Fourth, the complaint does not link any defendant to a legal claim. In his amended complaint, DeBose must be careful to allege facts showing the basis for liability for each defendant for each of his legal claims. He should not refer to them as a group (e.g., "the defendants"); rather, he should identify each involved defendant by name and link each of them to his claim by explaining what each involved defendant did or failed to do that caused a violation of his rights. See Leer v. Murphy, 844 F.2d 628, 634 (9th Cir. 1988).

Fifth, DeBose failed to attach to his complaint the exhibits he refers to therein. If he refers to any exhibits in his amended complaint, those exhibits must be attached to the amended complaint.

Finally, DeBose must provide more specific declaratory and injunctive relief requests. In light of the Heck problem mentioned earlier in this order, as well as the rule that a petition for writ of habeas corpus under 28 U.S.C. § 2254 is the exclusive federal avenue to challenge the fact or duration of one's confinement, it is particularly important that the scope of the requested relief be understood so that these rules are not undermined.

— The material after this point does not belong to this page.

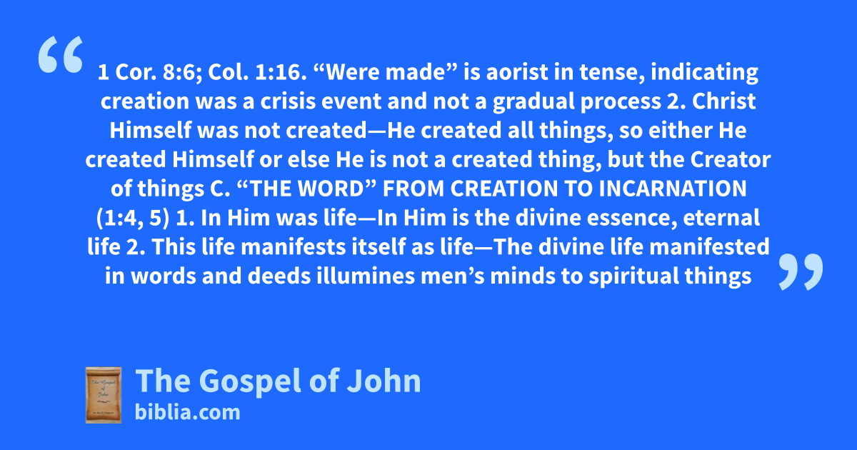 1 Cor. 8:6; Col. 1:16. “Were made” is aorist in tense, indicating creation was a crisis event and not a gradual process 2. Christ Himself was not created—He created all things, so either He created Himself or else He is not a created thing, but the Creator of things C. “THE WORD” FROM CREATION TO INCARNATION (1:4, 5) 1. In Him was life—In Him is the divine essence, eternal life 2. This life manifests itself as life—The divine life manifested in words and deeds illumines men’s minds to spiritual things
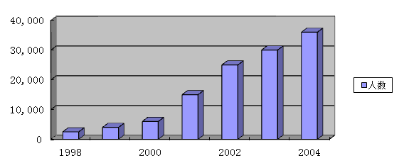 The diagram above clearly illustrates that dramatic elevation has occurred in the recruitment of Master of Engineering (ME) in the past seven years. According to the statistics given above, we may conclude that the recruitment of ME was on a steady rise from 1998 to 2004. In 1998, the number was at a low level, only about 2,500. Surprisingly, it reached to more than 35,000 in 2004 within no more than seven years.

B. Order To Show Cause Re. Pauper Status

The court ordered DeBose to show cause why in forma pauperis status should not be disallowed under 28 U.S.C. § 1915(g) due to the existence of three earlier dismissals of actions as frivolous, malicious or for failure to state a claim upon which relief may be granted. See 28 U.S.C. § 1915(g) (A prisoner may not bring a civil action in forma pauperis "if the prisoner has, on 3 or more prior occasions, while incarcerated or detained in any facility, brought an action or appeal in a court of the United States that was dismissed on the grounds that it is frivolous, malicious, or fails to state a claim upon which relief may be granted, unless the prisoner is under imminent danger of serious physical injury.")

DeBose filed a response stating that one of the three cases should not count because it had been removed from state court by the defendants and therefore he had not "brought" the action, as required for the dismissal to be counted under § 1915(g). The court agrees. The order to show cause is discharged. Docket # 8. The in forma pauperis application will be ruled upon in a separate order.


For the foregoing reasons, the complaint is dismissed with leave to amend. The amended complaint must be filed no later than March 27, 2015, and must include the caption and civil case number used in this order and the words AMENDED COMPLAINT on the first page. Plaintiff is cautioned that his amended complaint must be a complete statement of his claims. See Lacey v. Maricopa County, 693 F.3d 896, 928 (9th Cir. 2012) (en banc) ("For claims dismissed with prejudice and without leave to amend, we will not require that they be repled in a subsequent amended complaint to preserve them for appeal. But for any claims voluntarily dismissed, we will consider those claims to be waived if not repled.") Failure to file the amended complaint by the deadline will result in the dismissal of the action.